• _GOAL OF THE EXERCISE_:
Each line from the one holding "DeshiGreetings.com is delighted" to the last line of the listing must be set down exactly. No pictures are to be included.

• _DATASET RECORDS_:
======

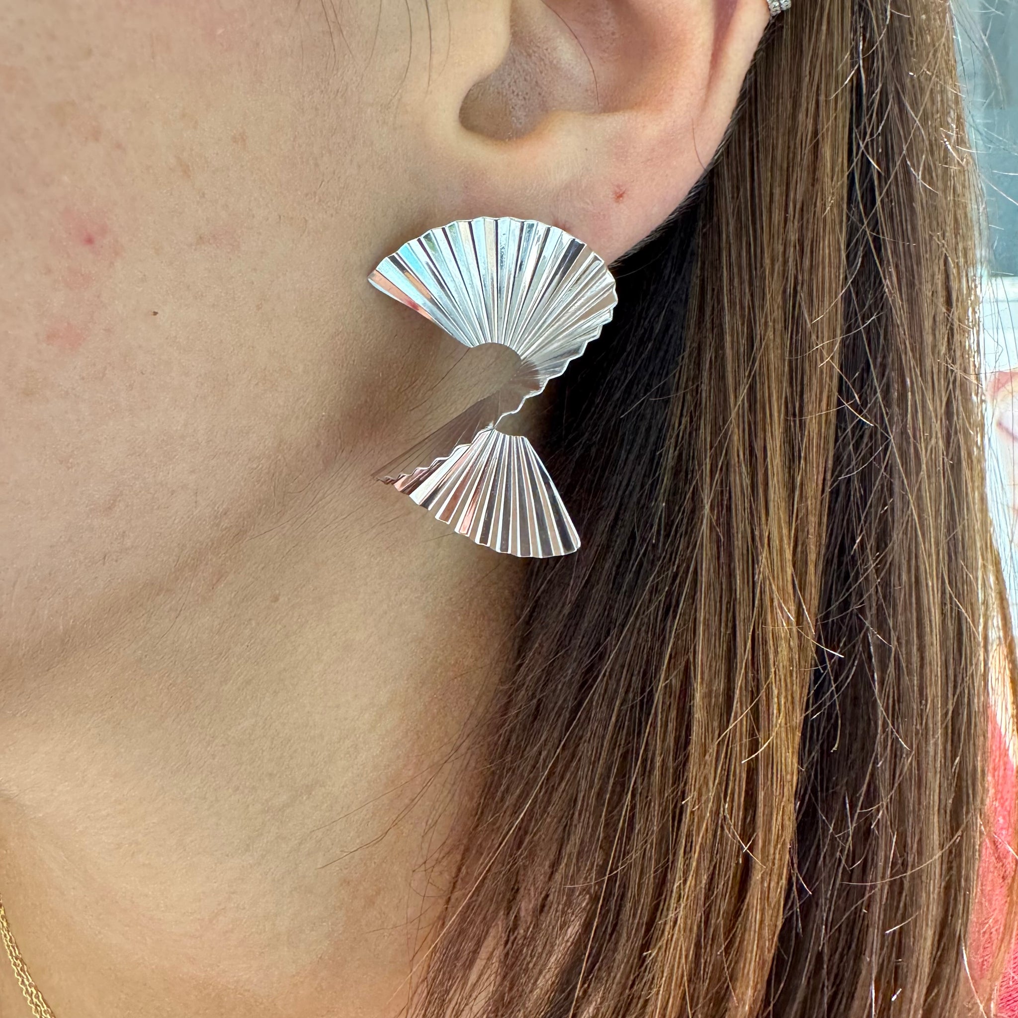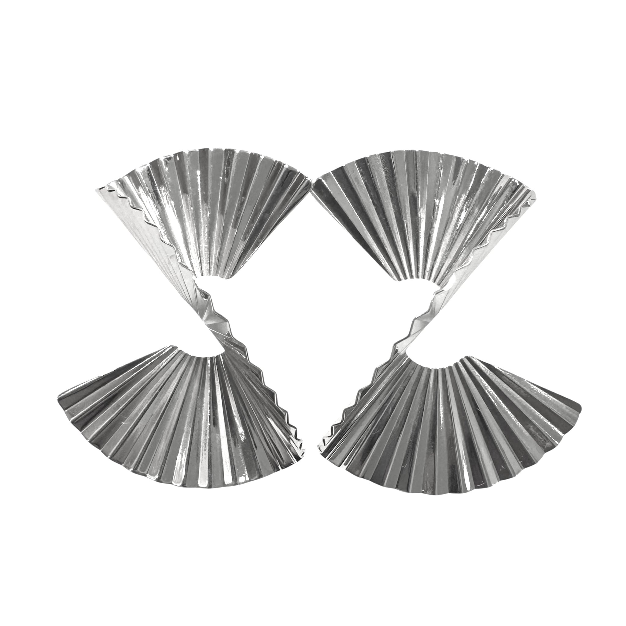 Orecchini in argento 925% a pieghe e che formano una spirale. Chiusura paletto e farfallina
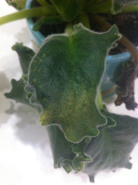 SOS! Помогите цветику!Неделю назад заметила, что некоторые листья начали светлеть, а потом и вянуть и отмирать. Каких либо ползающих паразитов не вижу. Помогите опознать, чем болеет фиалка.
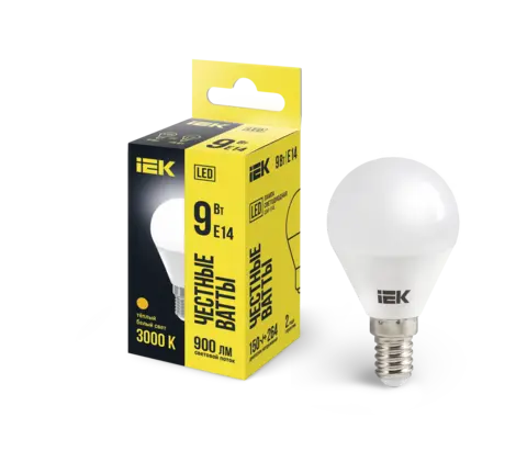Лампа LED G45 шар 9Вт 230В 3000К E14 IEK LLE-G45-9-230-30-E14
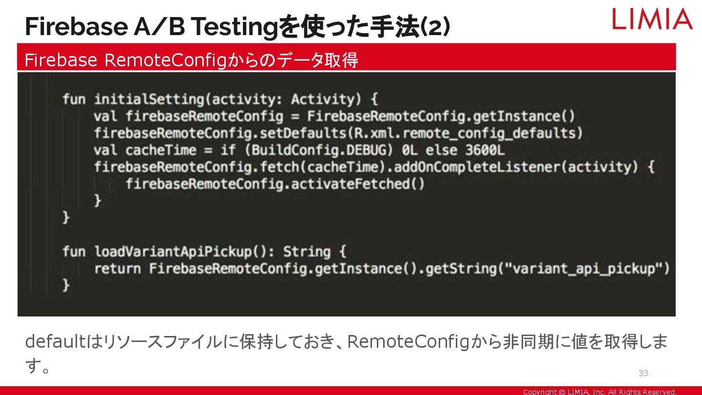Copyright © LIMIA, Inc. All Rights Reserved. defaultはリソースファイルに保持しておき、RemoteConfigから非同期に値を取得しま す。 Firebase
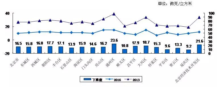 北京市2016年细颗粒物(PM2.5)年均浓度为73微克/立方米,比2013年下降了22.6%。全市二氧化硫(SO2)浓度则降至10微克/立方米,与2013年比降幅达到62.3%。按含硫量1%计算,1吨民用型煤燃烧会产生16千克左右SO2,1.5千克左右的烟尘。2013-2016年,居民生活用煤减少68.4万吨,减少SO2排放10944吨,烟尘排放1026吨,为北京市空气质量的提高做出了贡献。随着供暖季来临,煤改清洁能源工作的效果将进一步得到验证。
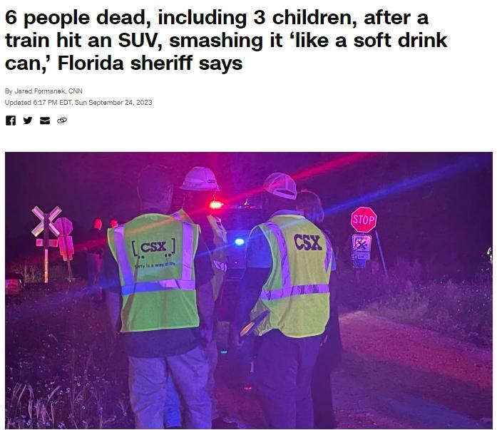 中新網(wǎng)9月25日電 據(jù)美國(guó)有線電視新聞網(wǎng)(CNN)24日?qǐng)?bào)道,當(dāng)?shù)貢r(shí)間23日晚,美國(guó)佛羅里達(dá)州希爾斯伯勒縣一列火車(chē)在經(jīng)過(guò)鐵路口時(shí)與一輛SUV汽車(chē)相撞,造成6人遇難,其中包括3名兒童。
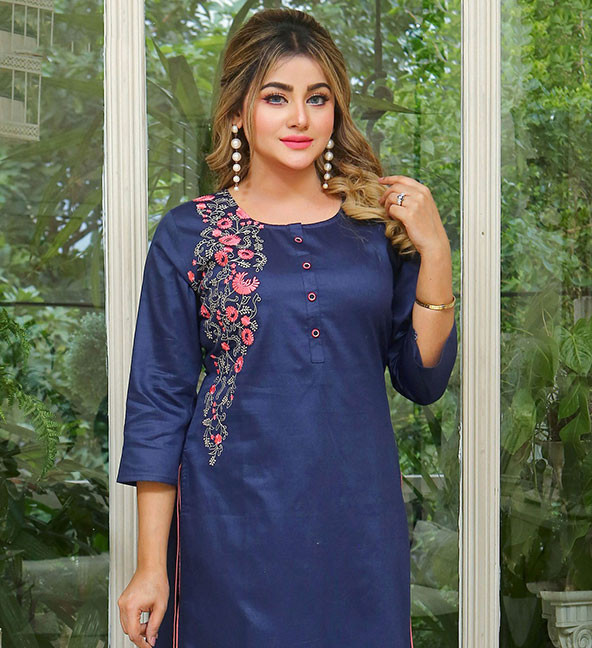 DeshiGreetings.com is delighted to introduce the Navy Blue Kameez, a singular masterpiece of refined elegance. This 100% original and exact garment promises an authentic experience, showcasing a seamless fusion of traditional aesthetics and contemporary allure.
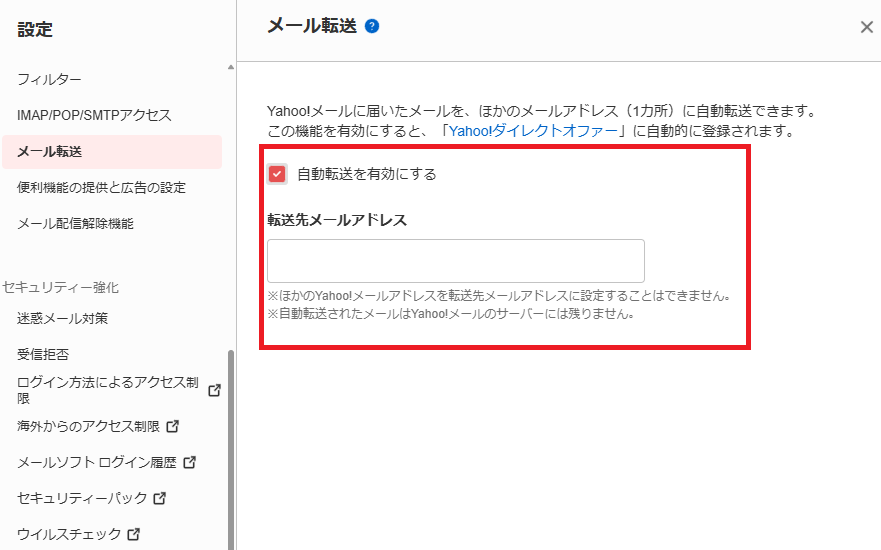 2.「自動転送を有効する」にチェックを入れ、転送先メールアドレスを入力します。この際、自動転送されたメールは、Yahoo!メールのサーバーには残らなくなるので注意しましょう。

======

• _ANSWER TO THE EXERCISE_:
 DeshiGreetings.com is delighted to introduce the Navy Blue Kameez, a singular masterpiece of refined elegance. This 100% original and exact garment promises an authentic experience, showcasing a seamless fusion of traditional aesthetics and contemporary allure.
 2.「自動転送を有効する」にチェックを入れ、転送先メールアドレスを入力します。この際、自動転送されたメールは、Yahoo!メールのサーバーには残らなくなるので注意しましょう。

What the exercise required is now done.